1 year ago

#387110

test-img

Sandro Wiggers

Scrapy with Celery not running on Docker container

I code a Scrapy CrawlerProcess to run from script. It also uses Celery+RabbitMQ for controlling the urls to be scrapped.

The update.py script sends the urls to RabbitMQ, and the Celery worker runs the Scrapy script.

When debugging on my IDE, it runs successfully. However, when I try to run inside a Docker container, the script doesn't run.

I have already double checked network properties on docker-compose.yaml and everything looks correct.
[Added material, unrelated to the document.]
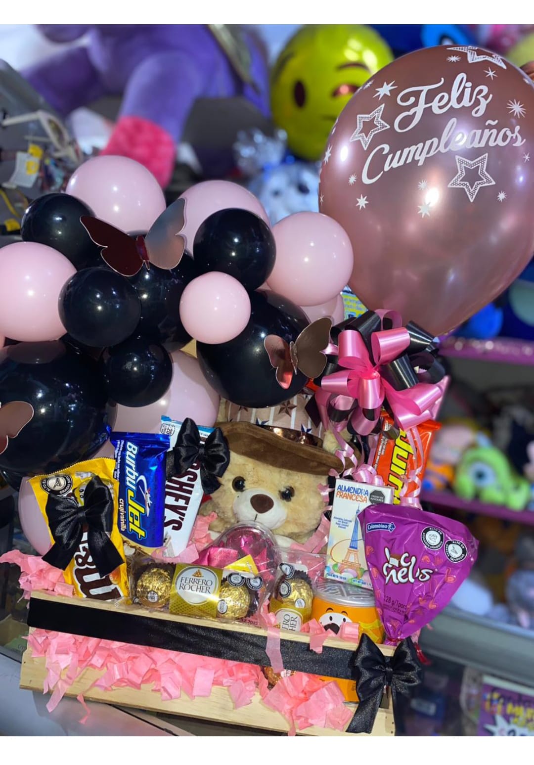 Cada diseño incluye una combinación única de peluches, dulces, licores, rosas y muchos más detalles encantadores.
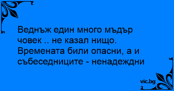 Веднъж един много мъдър човек .. не казал нищо. Времената били опасни, а и събеседниците - ненадеждни

I've been working and debbuging this for days, without any different result.

update.py

...
for key in urls.keys():
        site_name = key
        links = urls[key]
        logger.info(f'Insert into queue: {key} | {len(links)} records')
        crawler_task.delay({'site_name': site_name, 'links': links})
...

app.py (Celery worker and setup)

import logging
import os

from billiard.context import Process
from celery import Celery
from scrapy import signals
from scrapy.crawler import Crawler
from scrapy.settings import Settings
from twisted.internet import reactor

from enums import sites

logger = logging.getLogger(__name__)


def get_broker():
    rabbitmq_user = os.getenv('RABBITMQ_USER')
    rabbitmq_password = os.getenv('RABBITMQ_PASSWORD')
    rabbitmq_host = os.getenv('RABBITMQ_HOST')
    rabbitmq_port = os.getenv('RABBITMQ_PORT')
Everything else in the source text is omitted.